The story is about the lead couple Fardeen and Esha having gotten married (arranged marriage) and going on their honeymoon where they are staying with 4 other couples (Bikram Saluja-Perizaad, Mukul Dev- Sadia Siddiqui, Raj Zutshi-Tarina and Satish Shah-Kiron Kher). Each of these couples has its own story, set of highs and lows, and a love & hate relationship. Finally love is supposed to triumph, and so it does!

Performances

Fardeen and Esha – Its surprising how Fardeen can make Esha look like an actress! Fardeen is pathetic as usual. With 70% of the dialogues being delivered by Fardeen (explicitly or through a voiceover), it reminds me of how li’l kids participating in elocution competitions are supposed to memorize the lines by rote with no real importance to the emotional punch. The only difference being – Fardeen is worse! He does not have the kiddish innocence required to carry that off!
Esha (even without the Deol) is supposed to giggle, shy away, look confused and act dumb. She is given minimal dialogues, and I wonder if that was Meghna Gulzar’s (the director) mega strategic maneuver. Asking lousy actresses to just stand there and do whatever they feel like doing is a good way to save time and energy.

Bikram Saluja has still not realized that for anything beyond the Grasim and whatever suiting shirting ads he does, some importance is attached to how you act. People are supposed to have a bit of variation in their dialogue delivery. I wonder if his fights with his girlfriend(s) have the same tone as the romantic evenings!
Perizaad Zorabian (and sadly) Irani is wasted as she tries to put some semblance of credibility in this movie through her character. Pity, she didn’t get to build on the tragic side of her story. That she looks good and can act is something that we know!

Mukul Dev and Sadia Siddique are like a TV couple. Sadia knows how to play those small roles well and she does, and one look at Mukul tells you why he was thrown out of movies’ world!

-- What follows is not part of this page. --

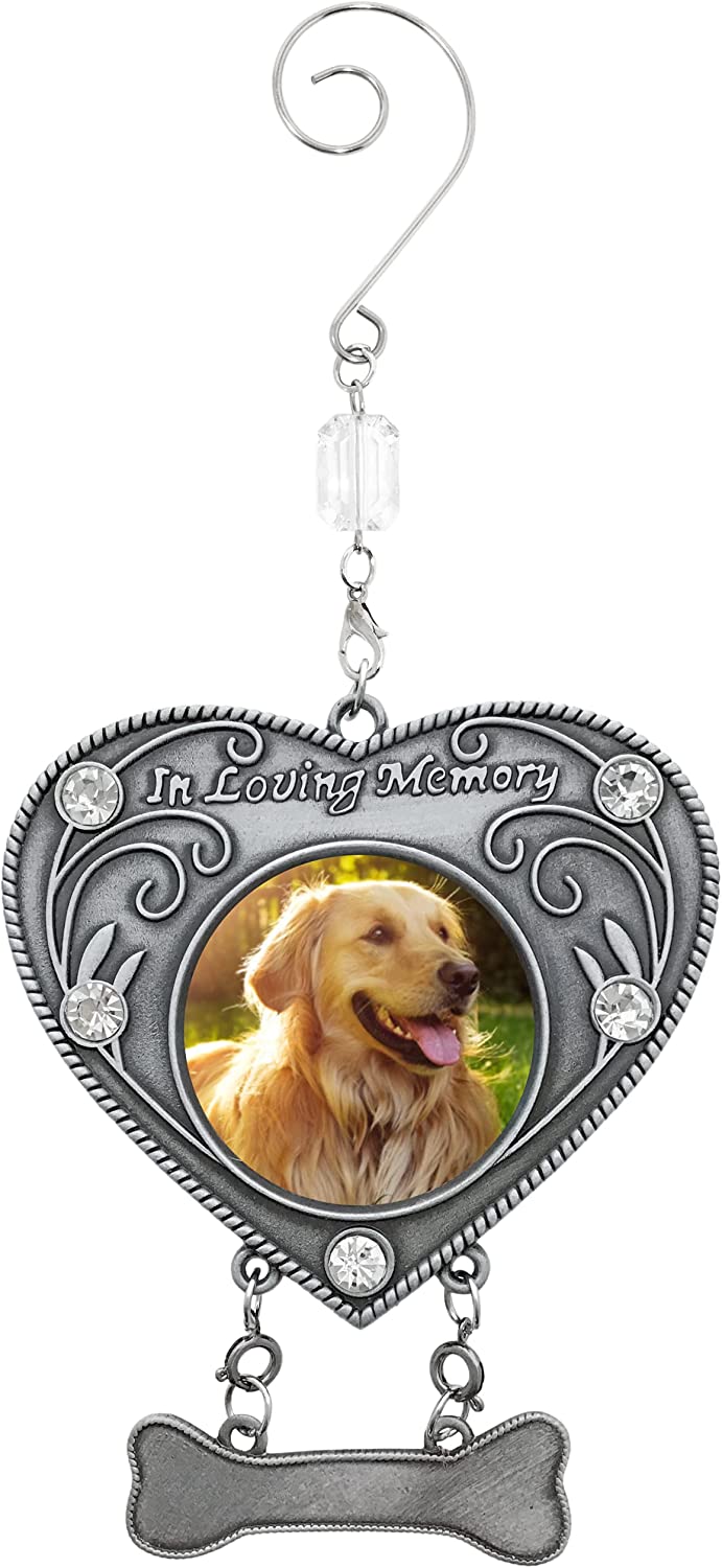 Dog Memorial Photo Ornament | "In Loving Memory" Heart Shaped Picture Christmas Ornament

Fourth couple – Raj Zutshi and Tarina Patel – is also a good for nothing, and I don’t know why you are there in the movie couple. Raj has few dialogues. Tarina- fewer

Saving grace of the movie – Satish Shah and Kiron Kher. They rock! Their banters as a couple, their comic timing, and the fact that they are the only ones who add what the real element this movie should have been – Comedy! The scene where both of them are sleeping with their monkey caps and mufflers on is cute and funny. While the continuous “phir bus beech mein rukwaoge” kinda comments are hilarious. And the fact that their concluding sentiment is the only message that this movie could have stood for – You need to stand by your life partner, whatever may happen!

I wonder if Meghna Gulzar identifies and relates more with that generation more than this. While her current day couples are stories that you probably can find in your lifetime, the treatment of what their problems are and what they go through is extremely shallow, her treatment of Satish-Kiron couple is just perfect!

Any other high points- can’t remember!

Overall – Watch it if you have nothing better to do. Or, if you get a free DVD or something, keep skipping to the parts where Satish Shah and Kiron Kher are! You’ll think you watched a gun movie!